How Personal Loans Can Hurt Your Credit

A personal loan can hurt your credit in the event that you end up missing even a solitary regularly scheduled payment. Because payment history makes up 35% of your credit score, a late or missed payment can have a significant impact on your credit.

In addition to on-time payments, it’s important to pay off the loan in full. However, paying the loan off early won’t necessarily lead to an improvement in your credit score. Your credit score benefits from having an open account with a history of on-time payments.

How Personal Loans Can Help Your Credit

While risky, personal loans can have a positive effect on your credit. To begin with, it adds an account with positive payment history to your credit report, as long as you routinely pay on schedule.

A personal loan can also benefit your credit by adding to your credit diversity. This is especially beneficial if your only source of credit is in the form of credit cards. Credit scoring companies look positively at consumers who responsibly manage various types of credit.

A personal loan for debt consolidation can also have a positive effect on your credit. Debt consolidation takes multiple balances of debt and combines them into a single loan. Ideally, this debt consolidation loan has a lower interest rate than those of the debt balances you’re combining. It might likewise lessen your credit utilization, which is a significant scoring factor that contrasts your revolving balances of credit with your credit limits. High credit utilization from high balances can drive up your credit usage and negatively impact your credit, yet your credit use on those cards will diminish to 0% when you progress those obligations to a debt consolidation personal loan. That can positively affect your credit.

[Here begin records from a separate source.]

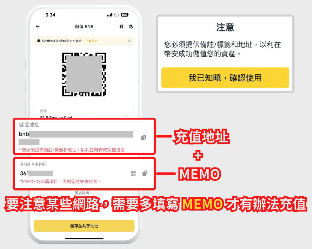 另外,有些幣種在透過某些網路充值的时候,會有出現「memo」這項資料,這时候就要連同「充值地址」一起填寫到提幣端錢包的提幣資訊欄位上,這樣幣安才能識別這筆充值的資產是不是你的。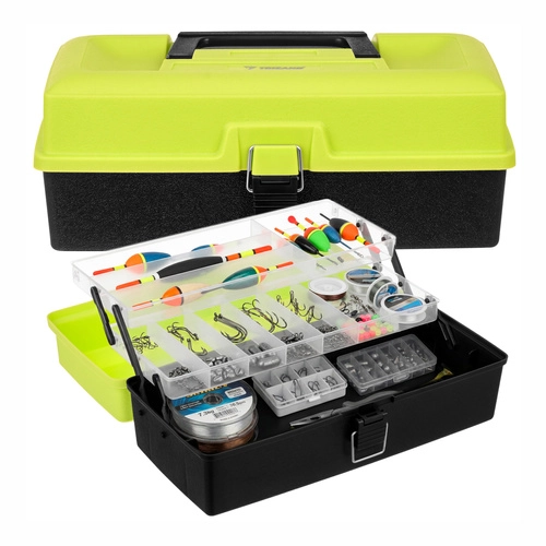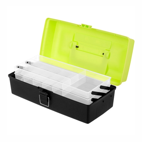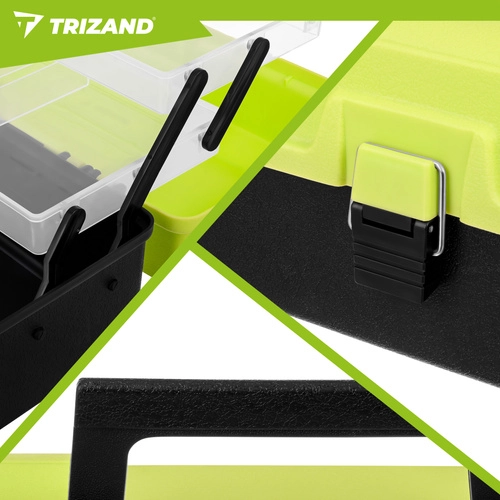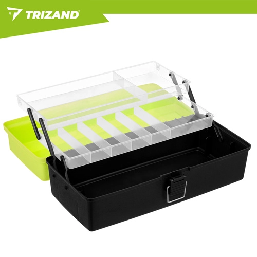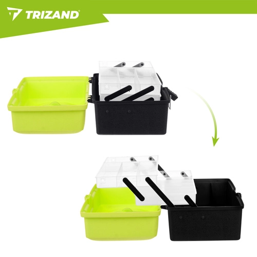 A TRIZAND horgászdoboz ideális választás minden horgásznak, aki csalit, horgokat, forgókapcsokat és egyéb kellékeket szeretne tökéletesen rendszerezve tartani. A felső részben 2 felnyitható polc 11 rekesszel szolgál az apróságoknak, míg a tágas alsó kamra a nagyobb felszerelést fogadja be. A masszív pattintós zárak mindent biztonságosan zárva tartanak szállítás közben.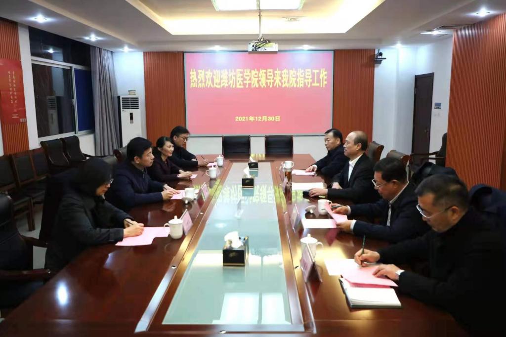 12月30日下午,潍坊医学院党委书记李明、院长管英俊一行4人来我院指导工作。学院党委书记马跃启,党委副书记、副院长桑福岭,党委委员、副院长贺志强,党委委员、办公室(统战部)主任(部长)任培华陪同考察交流。
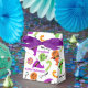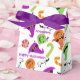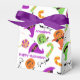 This is a fun Halloween favour box with candy, pumpkins and witch's hats on a white background. The favour box can be personalised by changing the name on the box and the text. It can be given at parties, or corporate events.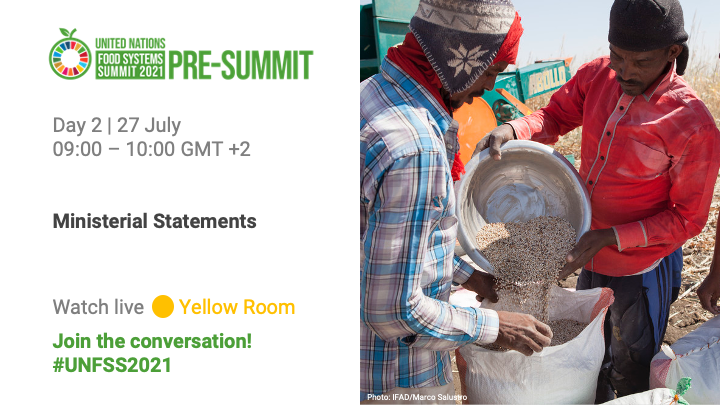 #FoodSystems transformation at the#UNFSS2021 Pre-Summit – tune in to today's Ministerial Statements and get involved in the discussion! Watch now or on-demand
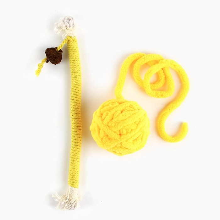 Игрушка для кошек. Набор игрушек мататаби и клубок, желтый цвет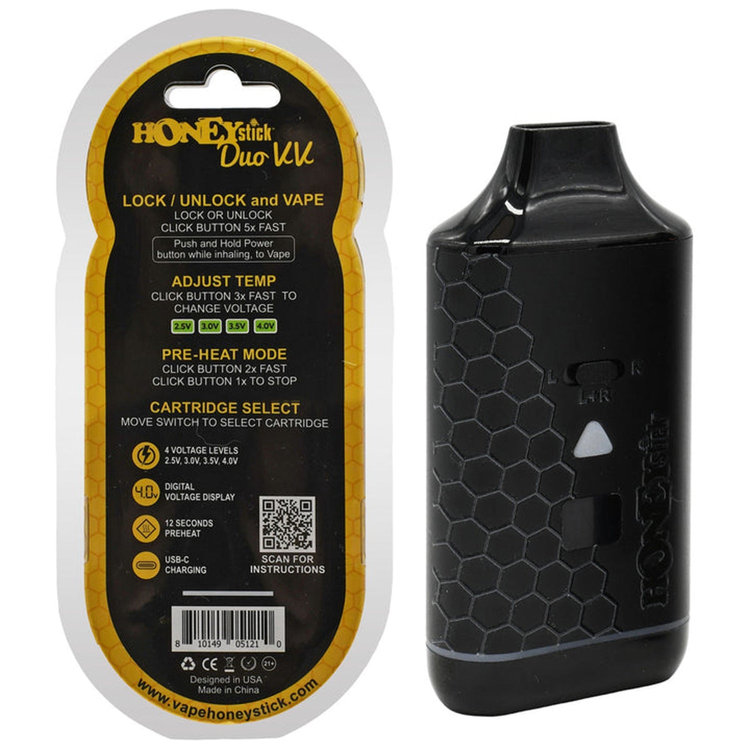 Say goodbye to frequent recharges and hello to extended vaping sessions. The HoneyStick DUO VV is equipped with a robust USB-C rechargeable 650mAh 510 vape battery, delivering enough power to keep up with even the most dedicated vapers.

Is a Personal Loan Right For Me?

Considering the positives and negatives of personal loans and their effect on your credit is essential to making the right decision for you. You may decide that a personal loan is a fit for your current needs, say, to consolidate debt, or you may realize the monthly payment of a personal loan doesn’t fit into your budget.

If you determine that a personal loan is a good option for your needs, the next step is to choose the right one dependent on loan interest fees, monthly payment, and additional features. Remember that a personal loan is a chance to improve your credit history, and it’s up to you to make the loan work for you.

Monitor Your Credit

If you take a personal loan, it’s especially important to monitor your credit for the effects the loan is having on it. It’s best to do this by regularly reviewing your credit report from the three major credit bureaus, Equifax, Experian, and TransUnion.